During cloud-init of a successfully configured node–with a bone-stock image and without any curtin customizations–cloud-init attempts to retrieve metadata from MaaS BEFORE initializing the network.
2024-10-02 02:18:39,147 - __init__.py[DEBUG]: Detected platform: DataSourceMAAS [None]. Checking for active instance data
2024-10-02 02:18:39,151 - url_helper.py[DEBUG]: [0/1] open 'http://10.10.10.10:5248/MAAS/metadata/2012-03-01/meta-data/instance-id' with {'url': 'http://10.10.10.10:5248/MAAS/metadata/2012-03-01/meta-data/instance-id', 'stream': False, 'allow_redirects': True, 'method': 'GET', 'timeout': 50.0, 'headers': {'User-Agent': 'Cloud-Init/23.4-7.el9_4.6.alma.1', 'Authorization': 'OAuth oauth_nonce="****", oauth_timestamp="1727835519", oauth_version="1.0", oauth_signature_method="PLAINTEXT", oauth_consumer_key="****", oauth_token="****", oauth_signature="****"'}} configuration
2024-10-02 02:18:39,154 - url_helper.py[DEBUG]: Calling 'None' failed [0/120s]: request error [HTTPConnectionPool(host='10.10.10.10', port=5248): Max retries exceeded with url: /MAAS/metadata/2012-03-01/meta-data/instance-id (Caused by NewConnectionError('<urllib3.connection.HTTPConnection object at 0x7f6e41abcd30>: Failed to establish a new connection: [Errno 101] Network is unreachable'))]
It also fails to post status messages.
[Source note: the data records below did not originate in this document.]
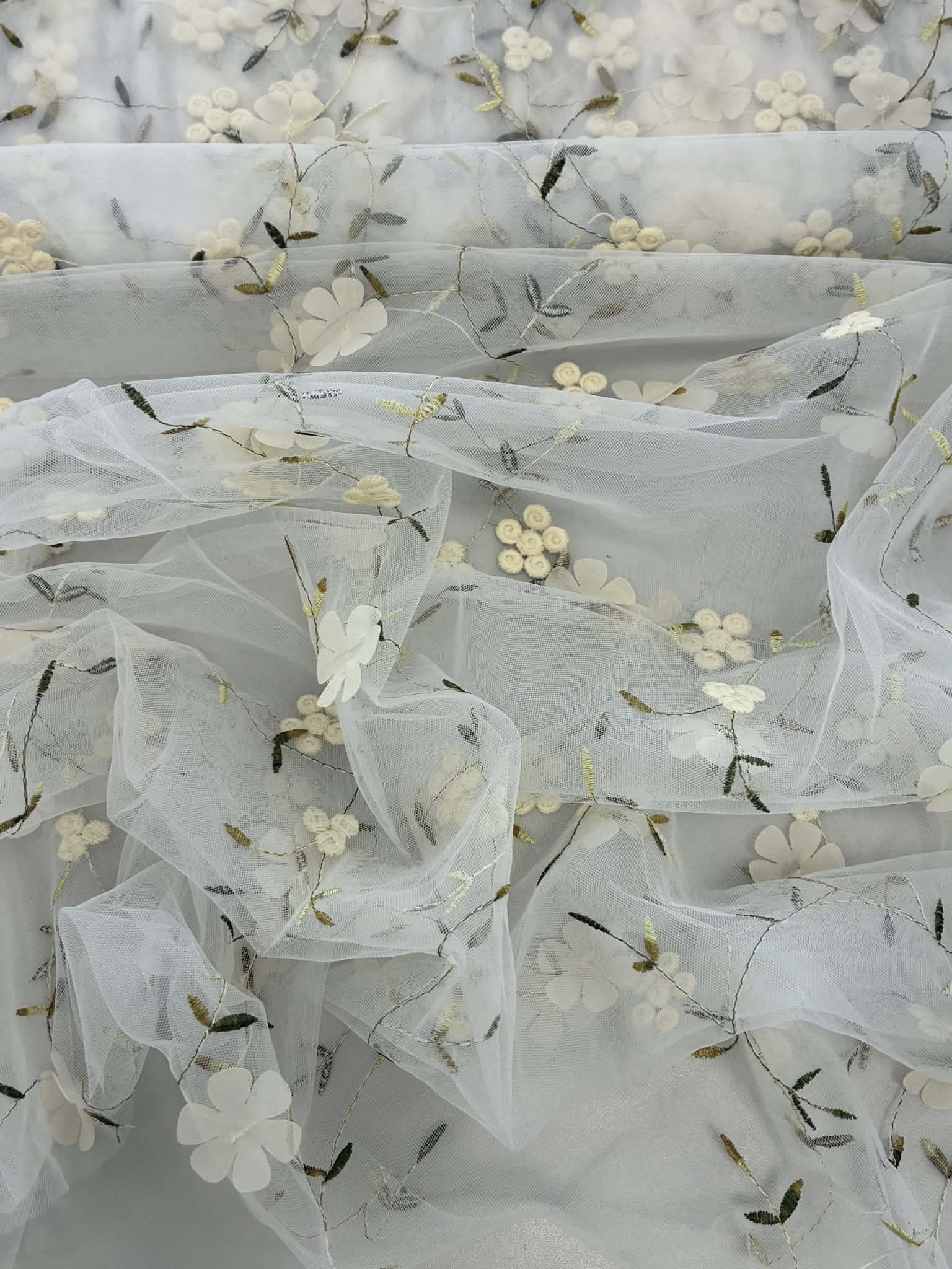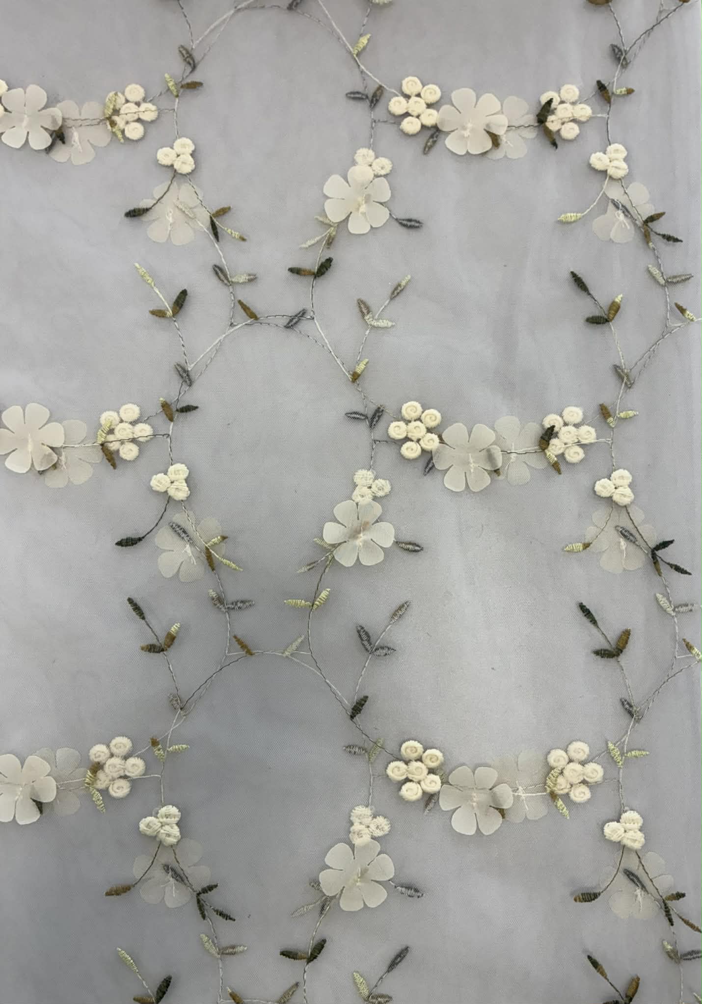 Siuvinėtas tiulis su gėlytėmis, pieno baltumo
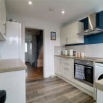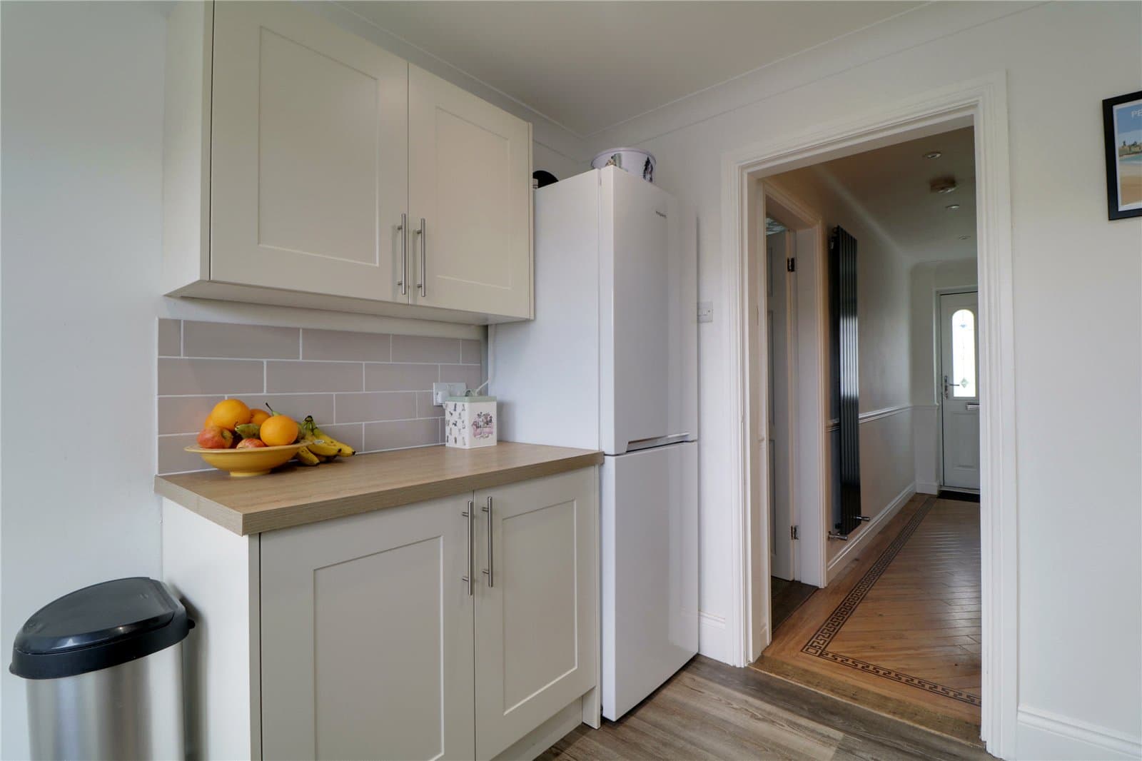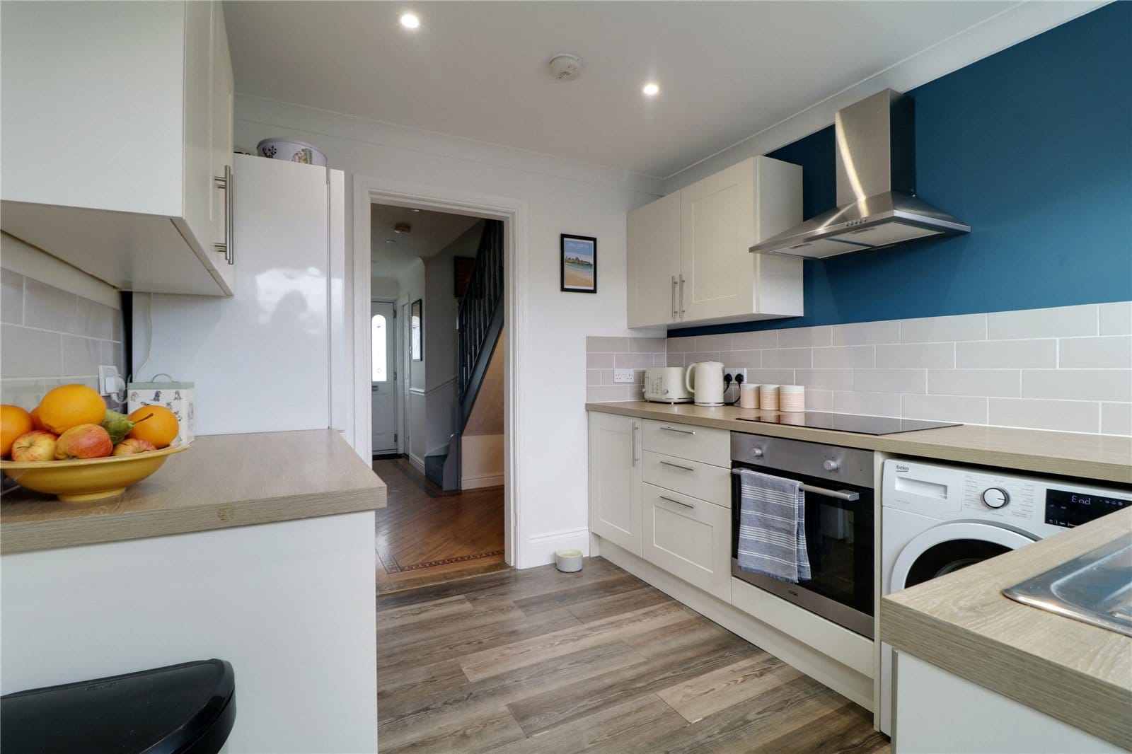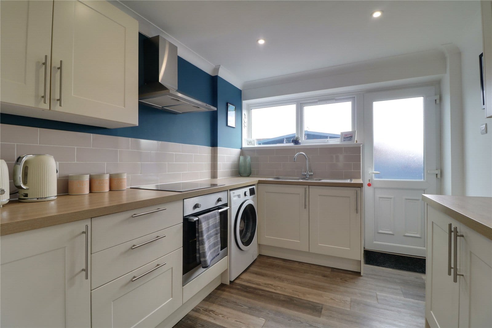 Rear uPVC double glazed entrance door with frosted glazing and adjoining window. The kitchen includes a range of light shaker style low level units, drawer units and wall units with brushed aluminium style pull handles and a laminate working top surface incorporating a one and a half stainless steel sink unit with drainer to the side and block mixer tap with ceramic tiled splash backs, built-in Zanussi induction four ring hob with matching oven below with plumbing for a washing machine, space for a tall fridge freezer, attractive oak style laminate flooring, modern inset ceiling spotlights and wall to ceiling coving.
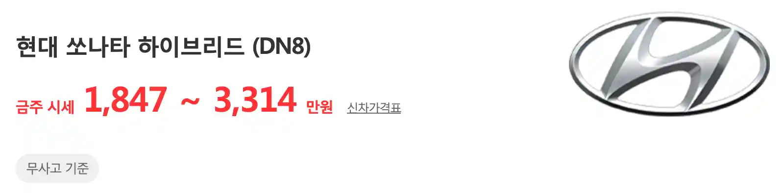 쏘나타 하이브리드(DN8) (19 ~ 23년) : 1,847 ~ 3,314 만 원

In fact, the cloud-init log has dozens and dozens of reports of network failure. After about 10 pages of this, we get down to:
2024-10-02 02:20:45,347 - util.py[DEBUG]: Reading from /sys/class/net/enp129s0f0/address (quiet=False)
2024-10-02 02:20:45,347 - util.py[DEBUG]: Read 18 bytes from /sys/class/net/enp129s0f0/address
...snip repeat for each interface...
2024-10-02 02:20:45,347 - util.py[DEBUG]: Reading from /sys/class/net/lo/address (quiet=False)
2024-10-02 02:20:45,347 - util.py[DEBUG]: Read 18 bytes from /sys/class/net/lo/address
2024-10-02 02:20:45,348 - util.py[DEBUG]: Reading from /sys/class/net/enp129s0f0/address (quiet=False)
2024-10-02 02:20:45,348 - util.py[DEBUG]: Read 18 bytes from /sys/class/net/enp129s0f0/address
...snip repeat for each interface...
2024-10-02 02:20:45,348 - util.py[DEBUG]: Reading from /usr/lib/python3.9/site-packages/cloudinit/config/schemas/schema-network-config-v1.json (quiet=False)
and then we configure the network. This is clearly out of order, no?
Naive ideas about improvements:
- Configure the network before querying the network for metadata
- Queue all status reports until the network is available
I’m guessing this is an ordering problem in the cloud-init configured by MaaS. If I’m misattributing this, or If there’s anything I can do in the configuration to address it, that would be great. If someone wants to toss me at the relevant portions of the code I’m happy to see if I can provide a patch.